Is there a way to easily move the x position of a note? When I change the x position of a note in the inspector only the head of the note moves leaving the stem behind. It is very fiddely to try and move them separately.


Comments

I tried using the chord offset. It worked fine in bar 5 of the example but did not work for some reason in bar 3! When I select the 1st C# in bar 3 and try to increase the chord x offset, the note itself does not move. Rather the following note move closer to the 1st note! Rather strange... Multiple clefs example.mscz

In reply to by fm42

It's tedious because creating experimental notation with non-standard spacing is not meant to be something someone would do accidentally - you need to go out of your way. Can you explain more about why you are trying to fiddling with spacing in this example? Probably whatever it is can be accomplished more directly. It seems you are somehow attempting to add a clef before a measure then adjust it to make it appear like you added it after the barline, but that is much more easily done directly, by adding the clef to the first note. In those unusual cases where it's desired at all - the normal standard is for clef changes to appear before the barline.
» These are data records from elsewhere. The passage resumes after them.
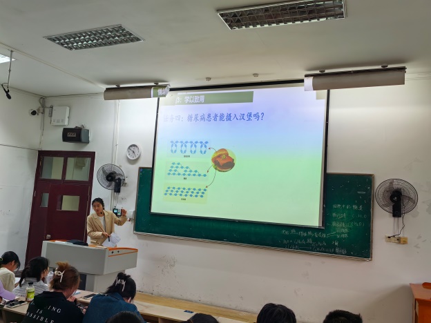 活动伊始,赵琪老师以糖类代谢异常的疾病—糖尿病为情境,介绍糖尿病病因并给出常见食物及食品配方表,引导学生主动分析常见糖类的种类和分布,并给糖尿病患者提出有价值的饮食建议,对无糖食品作出科学的评价。在此基础上进行深度拓展,设计实验对常见的糖类进行鉴别,对糖尿病进行检测。在环环相扣的情境触发下完成了《细胞中的糖类》这节知识的建构。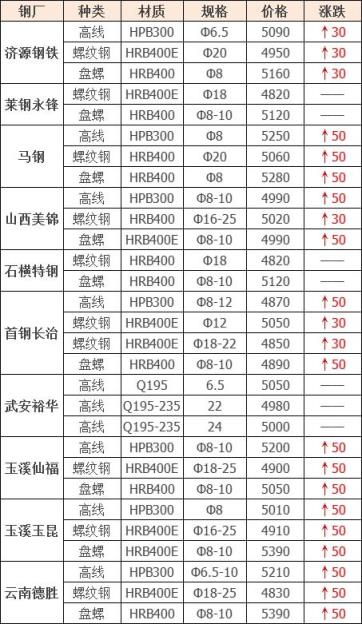 上調(diào)7家,占比70%,調(diào)價幅度30-50元/噸;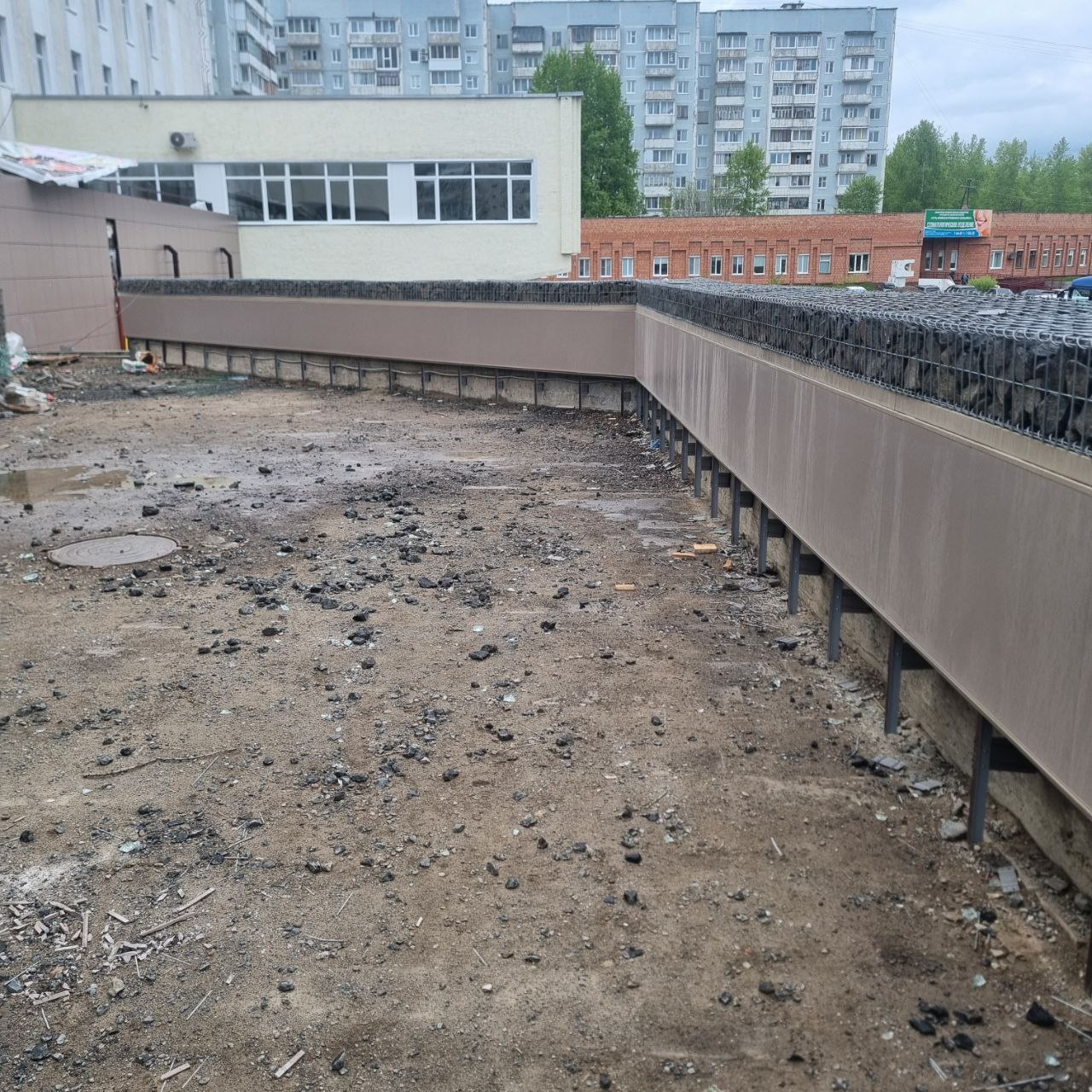 После окончания работ по монтажу брусчатки на террасах будут завершены работы по монтажу вентилируемого фасада и установлен нижний ряд керамогранитных плит.

In reply to by Marc Sabatella

I am trying to re-create the look of some of the harmony exercises from the book "Piston Harmony & Work book" because I don't want to write directly into the book. I was trying to make them look the same s in the book. They are a string of exercises each 2 bars or so long, with different keys and clefs. Just experimenting around. No a major problem altogether.

In reply to by fm42

Do the examples not have gaps between them? That would be more typical, and if you add horizontal frames, you get what you want automatically - you don't even need to add the clefs. If they didn't add space between them, most likely that's just because the software they used was more limited and didn't feature this ability. But if you want to reproduce that particular limitation, you can even make the frame zero width if you like. You'd probably want to remove the curly braces in that case though.

In any case, definitely there are much better methods than tediously adjusting the position of symbols that were added to one location and forcing them to appear as if they had been added to a different one.

In reply to by fm42

Understood. To me that's not good practice - it makes it appear these are meant to be played consecutively when they presumably are not. Much better to leave space between them. It's the trivially simple solution here - easiest to do and looks best.